Author: Victoire d’Humières
Affiliated organisation: Fondation Robert Schuman
Site of publication: Robert Schuman
Type of publication: Article
Date of publication: April 30th, 2018
For geographic as well as historic, cultural and linguistic reasons, Africa, represented by the African Union (AU), and the European Union are both privileged partners. Europe, with its 28 Member States is still the most important foreign investor on the continent, the primary source of financial transfers and the greatest provider of development and humanitarian aid , not forgetting the many common security and defence missions and operations. The issue of migration flows between the two pervades all aspects of cooperation.

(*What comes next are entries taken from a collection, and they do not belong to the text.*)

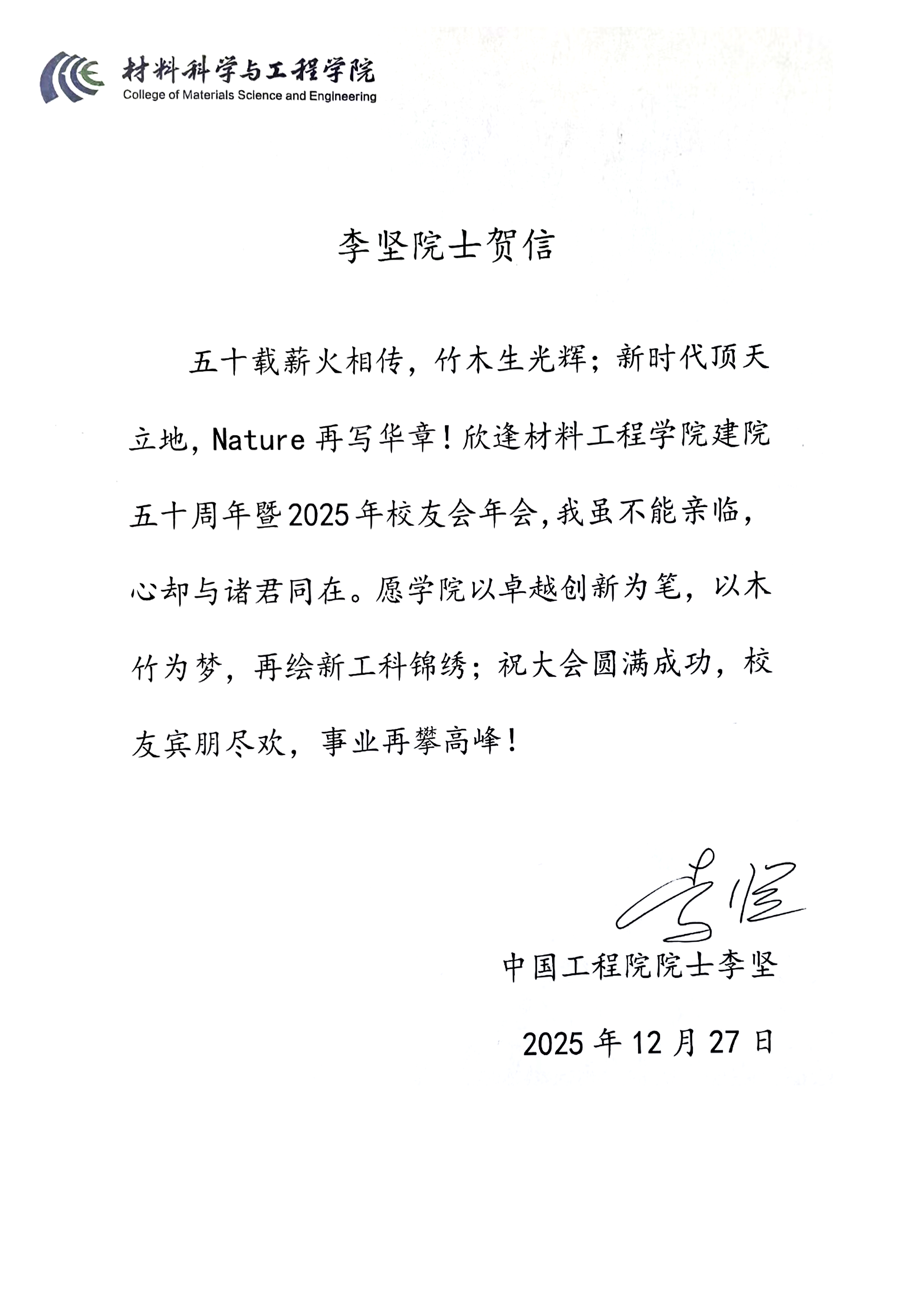 郑宝东副校长对材料工程学院建院50周年表示热烈祝贺,充分肯定了学院50年来在学科建设、人才培养、科学研究等方面取得的显著成就,强调学院要深入学习贯彻习近平总书记给永利官网全体师生的重要回信精神,勇担使命、砥砺奋进,在服务国家战略、培养创新人才、助力学校奋进国家“双一流”建设上展现新作为、实现新突破。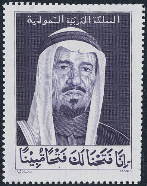 Thematics, Slania, Saudi Arabia. (★). King Khaled. Steel engraving in very dark ultramarine. Perforated. Scarce!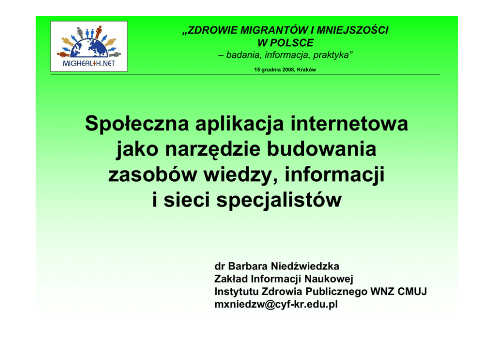 „ZDROWIE MIGRANTÓW I MNIEJSZOŚCI W POLSCE – badania, informacja, praktyka” 15 grudnia 2008, Kraków Społeczna aplikacja internetowa jako narzędzie budowania zasobów wiedzy, informacji i sieci specjalistów dr Barbara Niedźwiedzka Zakład Informacji Naukowej Instytutu Zdrowia Publicznego WNZ CMUJ [email protected] „ZDROWIE MIGRANTÓW I MNIEJSZOŚCI W POLSCE – badania, informacja, praktyka” 15 grudnia 2008, Kraków Web 2 Wiki Sieci społeczne, np. MySpace Cure Diabetes group. Patient Opinion (http://patientopinion.org.uk). Blogi Fora dyskusyjne, czaty Agregacja zawartości i RSS Second life, np. http://infoisland.org/ Mushups, np. HealthMap, AvianFlu, Biowizard Dostęp do sieci WWW poprzez mobilne urządzenia (telefony komórkowe, iPhone) oraz telewizję W medycynie i zdrowiu jest już ponad 60 wiki. Pełna lista dostępna na stronie D. Rothmana http://davidrothman.net/list-of-medical-wikis/ „ZDROWIE MIGRANTÓW I MNIEJSZOŚCI W POLSCE – badania, informacja, praktyka” 15 grudnia 2008, Kraków Cechy aplikacji społecznościowych – Tworzenie treści i zasobów wiedzy/informacji przez samych zainteresowanych – Wykorzystanie zbiorowej wiedzy i inteligencji – Uwzględnianie różnorodnych perspektyw, punktów widzenia, poglądów – Wirtualna współpraca – nowa forma realizacji społecznego kapitału – Tworzenie się społeczności wokół internetowego serwisu/portalu „ZDROWIE MIGRANTÓW I MNIEJSZOŚCI W POLSCE – badania, informacja, praktyka” 15 grudnia 2008, Kraków Technologia wiki Portale posługujące się technologią wiki to zbiory połączonych ze sobą stron WWW, które użytkownik sieci może łatwo uzupełniać, poprawiać ich treść lub tę treść z nich usuwać. Wiki są tworzone zgodnie z góry przyjętymi zasadami, otwarte dla każdego (np. Wikipedia) lub specjalistyczne - otwarte tylko dla zarejestrowanych członków danej sieci i moderowane ZASTOSOWANIA: Tworzenie wspólnego zasobu wiedzy, dokumentów, zbiorów informacji przydatnych w pracy Narzędzie komunikacji i współpracy Miejsce publikowania w sieci opracowań i materiałów „ZDROWIE MIGRANTÓW I MNIEJSZOŚCI W POLSCE – badania, informacja, praktyka” 15 grudnia 2008, Kraków Korzyści • Wykorzystanie zbiorowej wiedzy i doświadczenia dla wytworzenia wspólnego „dobra” - wszechstronnej, łatwo dostępnej informacji w jednym miejscu • Większość potrzebnych informacji jest w rękach zainteresowanych, ale niepotrzebnie rozproszona i redundantna • Specjalistyczny pełna baza informacji staje się oazą w hałaśliwym Internecie • Doskonałe medium ponad narodowej komunikacji między naukowcami i praktykami (pod warunkiem, że j. angielskim) • możliwość stałego rozwoju i modyfikacji poprzez wzajemne poprawianie się i uzupełnianie „ZDROWIE MIGRANTÓW I MNIEJSZOŚCI W POLSCE – badania, informacja, praktyka” 15 grudnia 2008, Kraków Zagrożenia i trudności ¾ Trudno utrzymać wysoką jakość i porządek ¾ Nie jest łatwo zbudować w środowisku poczucie wzajemnej korzyści, a także zrozumienie efektów oddalonych w czasie ¾ W fazie początkowej potrzeba zachęt i intensywnej promocji ¾ Potrzeba lidera (ów) ¾ Narażenie na wandalizm, spamy ¾ Trudno zapewnić systematyczną aktualizację zasobu ¾ Tematy kontrowersyjne mogą powodować zniechęcenie lub niepotrzebną rywalizację Pytania do dyskusji panelowej • Czy jest prawdą, że środowisko osób zajmujących się problemami związanymi ze zdrowiem migrantów i wykluczonych mniejszości w Polsce, jest rozproszone, brak jest danych i informacji, brakuje dobrej komunikacji, co utrudnia badania i działania na rzecz systemowej poprawy tej opieki? • Czy budowanie internetowej sieci zasobów wiedzy i osób (naukowców, praktyków) w skali krajowej i międzynarodowej jest dobrym, odpowiednim sposobem integracji środowiska na rzecz działań i badań w tym zakresie. • Jakie warunki powinny być spełnione, aby polski portal MIGHEALTHNET żył i rozwijał się i żeby jego zawartość była przydatna w działaniach służących poprawie opieki zdrowotnej nad społecznościami i jednostkami nie objętymi systemem lub mającymi do niego utrudniony dostęp?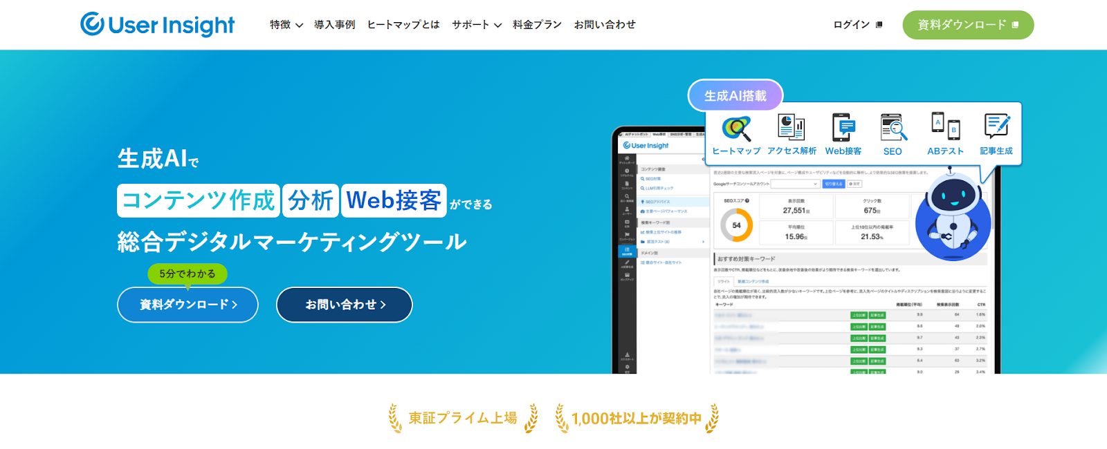 官公庁や大手企業での導入実績も多く、「どのようなユーザーが、どのようにページを見ているのか」を多角的に把握できます。BtoBサイトや、ターゲット分析を重視したWeb改善に適しています。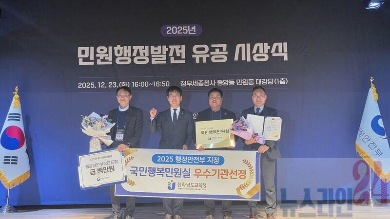 전라남도교육청은 23일 정부세종청사에서 열린 ‘국민행복민원실’ 재인증 시상식에서 행정안전부 장관 표창과 인증현판을 수여 받았다. 사진은 시상 후 기념사진 전라남도교육청은 12월 23일 정부세종청사 민원동 대강당에서 열린 ‘국민행복민원실’ 재인증 시상식에 민원업무 관계자들이 참석한 가운데, 행정안전부 장관 표창과 인증현판을 수여받았다.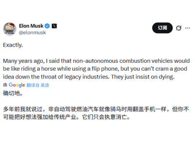 特斯拉CEO埃隆•马斯克昨日在X平台上发文,对传统汽车行业发出强烈警告:"非自动驾驶燃油车就像骑马时用翻盖手机一样,但你不可能把好的想法强加给传统产业,它们只会执意消亡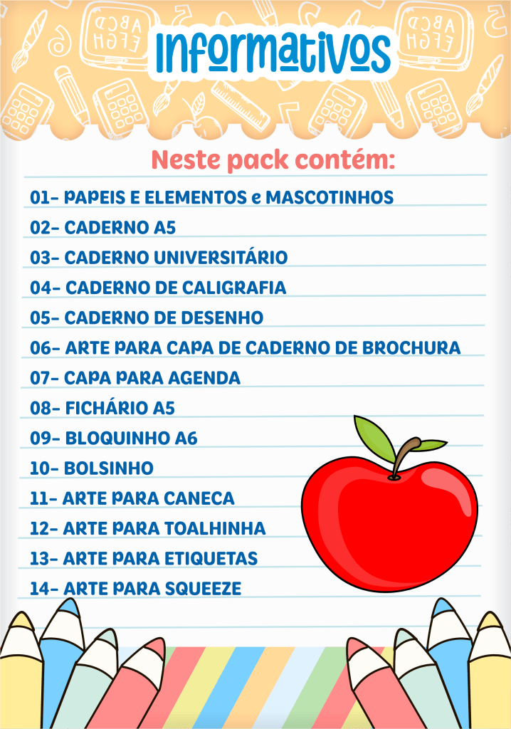 Combo Volta às Aulas Aluninhos 100 % digital, arquivos nos formatos PNG e PDF + KIT DIGITAL / Calendário 2025 e 2026.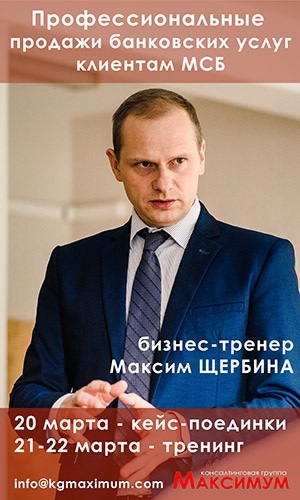 Бизнес-тренер – Максим Щербина, руководитель Консалтинговой группы «Максимум», банковский опыт 15 лет, более 20 постоянных клиентов в банковской и финансовой сфере, организатор Международной банковской конференции «Маркетинг и продажи финансовых услуг», руководитель Бизнес-клуба «Интеллект-Капитал».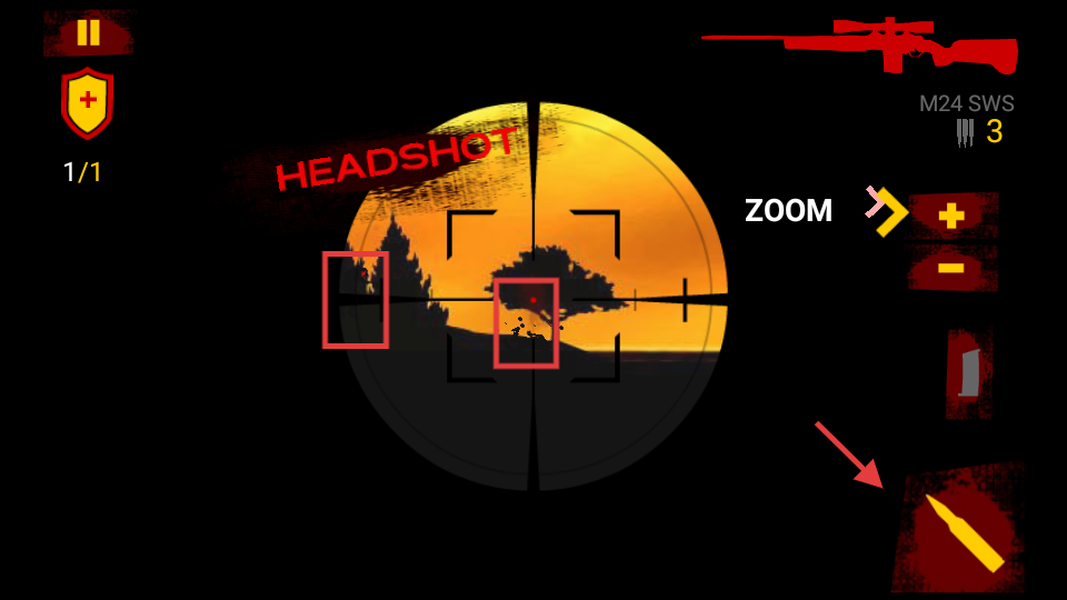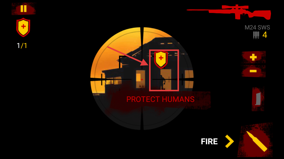 2、瞄准镜内识别带【+】盾牌的幸存者区域,优先射击靠近的僵尸,点击【FIRE】守护人类。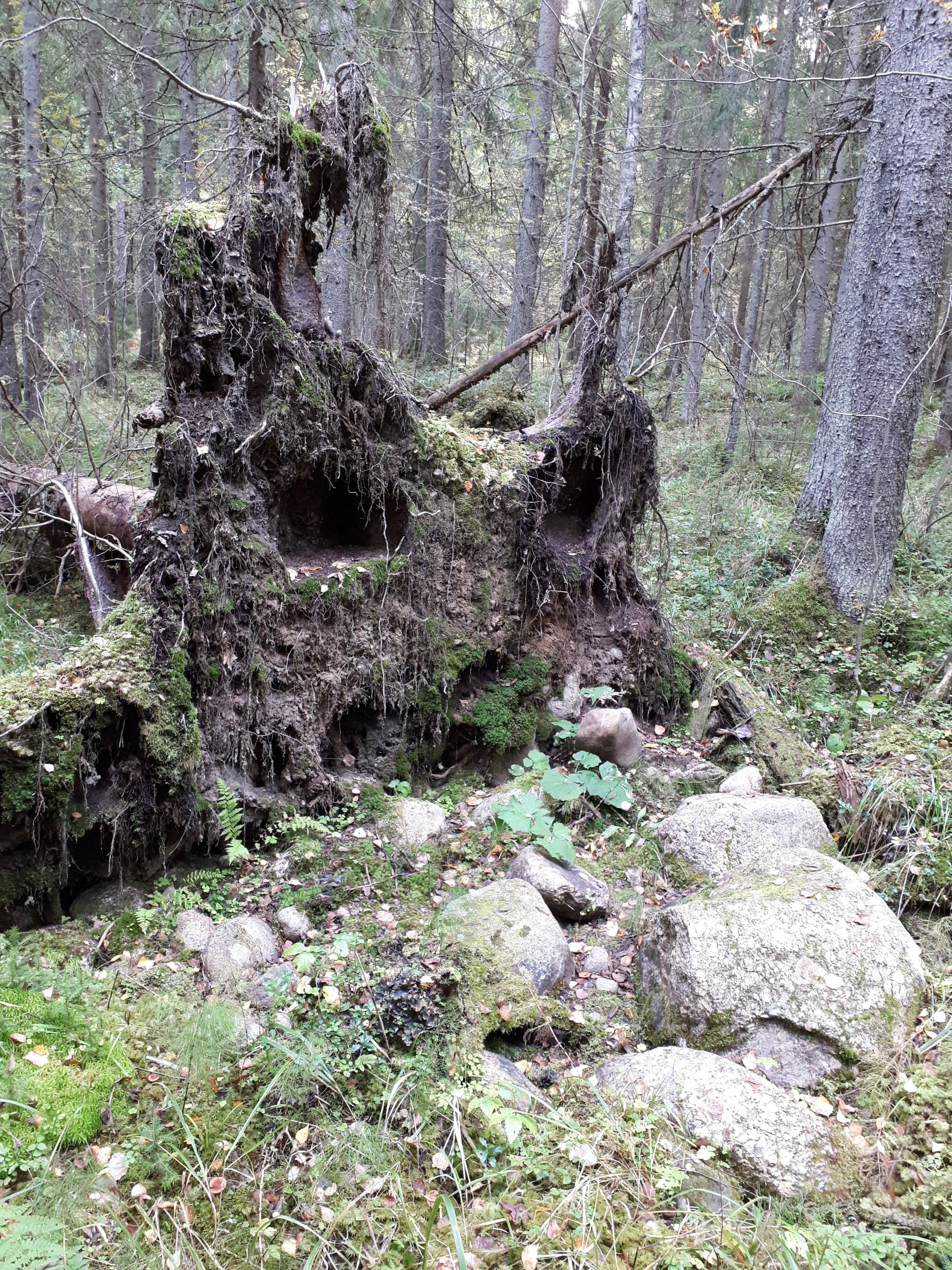 Далее. Почвоведение. По этой теме у меня несколько лет назад была специальная статья. Называлась На чем растут леса в окрестностях Петербурга. Подробная, с анализом. Вывод следующий. На территории Ленинградской области выше балтийского глинта (уступа) налицо толстый слой гумуса - до 0,4-0,5 м. А ниже балтийского глинта гумус как таковой практически отсутствует, всего 1-3 см, локально до 5-10 см. Учитывая скорость нарастания гумуса можно предположить что еще 400-500 лет назад этот участок суши был морским дном. Для примера фото на чём собственно растёт лес. Фото кликабельны.
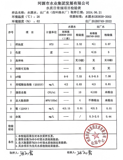 2024年6月21日水質(zhì)檢驗(yàn)報告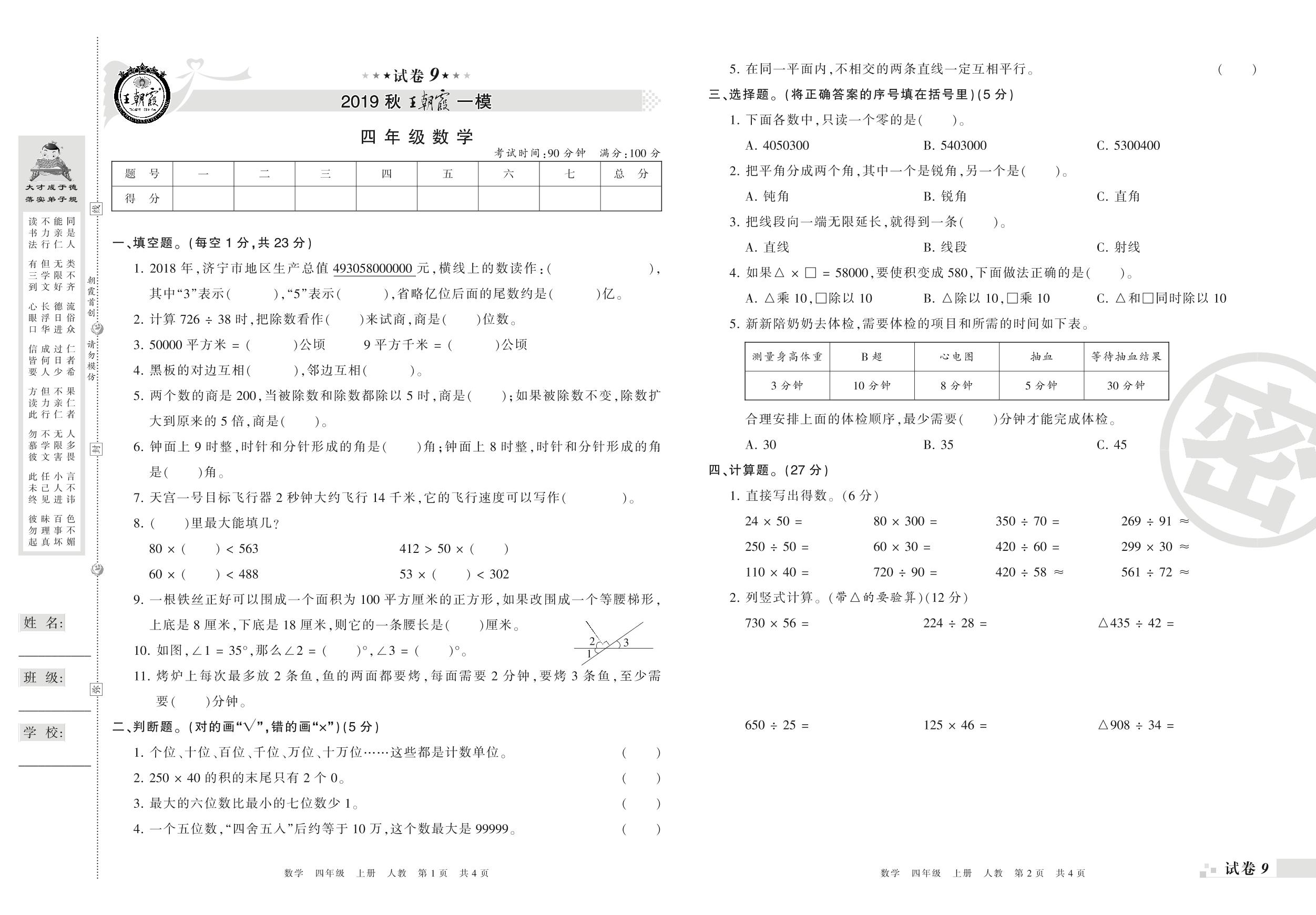 王朝霞期末模拟卷四年级上册数学(人教版)_R210804144805【9】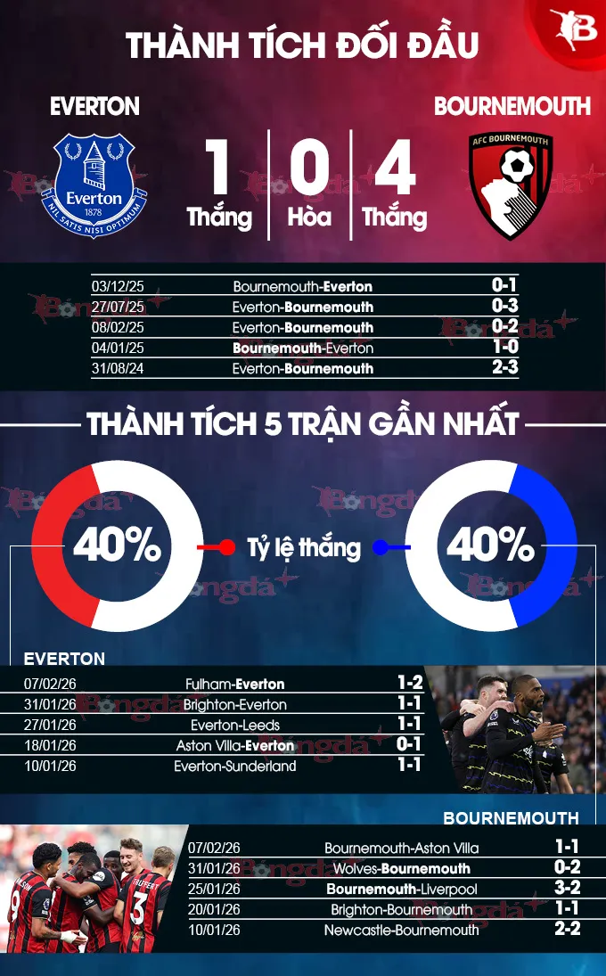 Thống kê đối đầu gần đây đang nghiêng hẳn về phía Bournemouth khi họ thắng tới 5 trong 6 lần gặp Everton.

Although there is undeniable cooperation in terms of migration policy between the EU and the AU, the growing trend to externalise implies, to a certain degree, that countries of origin and transit are stakeholders in the implementation of the European migration policy. Hence, we should explore the dynamics and the shape of this partnership. To what extent is Europe forcing some African countries to contribute to its policies? What are the limits of such methods?
Since the 1990’s the EU has been convinced that its internal and external migration policies are intrinsically linked and hence, that cooperation with the countries of Africa on those issues is vital. However, the EU and UA’s agendas and interests associated with migration issues are far from similar. How therefore can this partnership be re-balanced, with the protection of the migrants as a condition?
A prerequisite for a more effective management of migration flows
The entry into force of the Schengen Agreement in 1995 marked the advent of a new area of free trade and movement. Yet, the abolition of the internal borders called for a strengthening of the external borders. Since then Europe’s migration policy has become a matter of security, and its external dimension a prerequisite for the smooth functioning of internal policy. Hence the Treaty of Amsterdam (1999) defined an area of freedom, security and justice (AFSJ) and thereby communitarised visa, asylum and immigration policies at European level.
Fostering a global approach for migration and mobility with African countries
The dramatic events in the Spanish enclave of Ceuta in Morocco in 2005 contributed to the need to develop a global strategic approach to managing migration and to having a long-term vision focusing on the relation between migration and development. Amongst the priority actions announced at the European Council was the adoption of a Strategy for Africa, clearly illustrating the aim to strengthen migration cooperation with African countries. Two years later the EU-Africa Partnership for Migration, Mobility and Employment was launched in Lisbon (2007), together with an action plan and a framework for dialogue and cooperation with the African Union as its privileged point of contact.
To improve coherence and efficacy, the global approach was revised in 2011 to include mobility. Four inter-dependent themes were suggested i.e. legal immigration and mobility, irregular immigration and the trafficking of human beings, international protection and political asylum, the maximisation of the impact of migration and mobility on development. Dialogue regarding migration and mobility were created to drive along implementation. They led to the signature of a common migration and mobility agenda and even mobility partnerships. These non-binding and country specific agreements negotiated with the DG Justice and Internal Affairs guarantee European financing. Only partnerships, designed as a priority for neighbouring countries, include the negotiation of visa and readmission agreements. Amongst the African signatories were Cap Verde in 2008, Morocco in 2013 and Tunisia in 2014. In the meantime, Ethiopia and Nigeria signed with the EU the framing of a common agenda, respectively in 2013 and 2014.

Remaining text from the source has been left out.